The following table summarizes the number of securities outstanding at each of the periods presented which were not included in the calculation of diluted net loss per share since their inclusion would be anti-dilutive (in thousands).

 

     March 31,
     2007    2006

Common stock options

   7,408    5,461

Common stock warrants

   1,442    4,116

Non-vested restricted common stock

   90    25

Stock-based Compensation

On January 1, 2006, the Company adopted SFAS No. 123 (revised 2004), Share-Based Payment: an amendment of FASB Statements No. 123 (“SFAS No. 123(R)”), which requires the measurement and recognition of compensation expense for all share-based payment awards made to employees and directors, including employee stock options, employee stock purchases related to the Amended and Restated 1998 Employee Stock Purchase Plan (the “ESPP”), restricted stock and other special equity awards based on estimated fair values. SFAS No. 123(R) supersedes the Company’s previous accounting under Accounting Principles Board Opinion No. 25, Accounting for Stock Issued to Employees (“APB No. 25”) for periods beginning in 2006. In March 2005, the SEC issued SAB No. 107, Share-Based Payment (“SAB No. 107”), relating to SFAS No. 123(R). The Company has applied the provisions of SAB No. 107 in its adoption of SFAS No. 123(R).

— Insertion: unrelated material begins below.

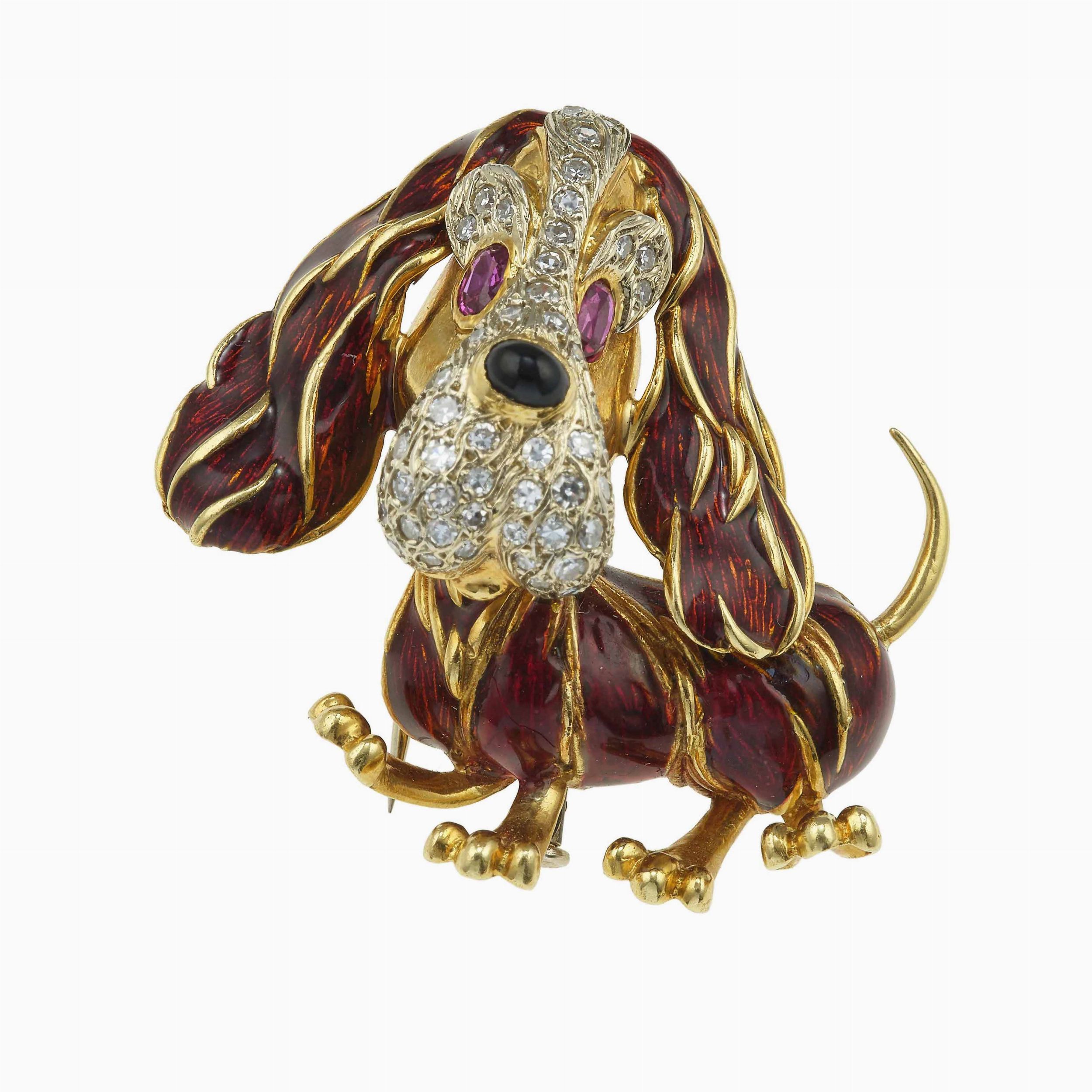 Frascarolo. Spilla cane con smalti, diamanti e rubini

The Company adopted SFAS No. 123(R) using the modified prospective transition method, which requires the application of the accounting standard as of January 1, 2006. The Company’s consolidated financial statements as of and for the three months ended March 31, 2007 and 2006 reflect the impact of SFAS No. 123(R). In accordance with the modified prospective transition method, the Company’s consolidated financial statements for prior periods have not been restated to reflect, and do not include, the impact of SFAS No. 123(R). Share-based compensation expense recognized under SFAS No. 123(R) for the three months ended March 31, 2007 and 2006 was $1.5 million, or $0.03 per share, and $865,000, or $0.02 per share, respectively, substantially all of which related to share-based compensation expense from the issuance of employee stock options. For further information, please see Note 3 to the unaudited consolidated financial statements.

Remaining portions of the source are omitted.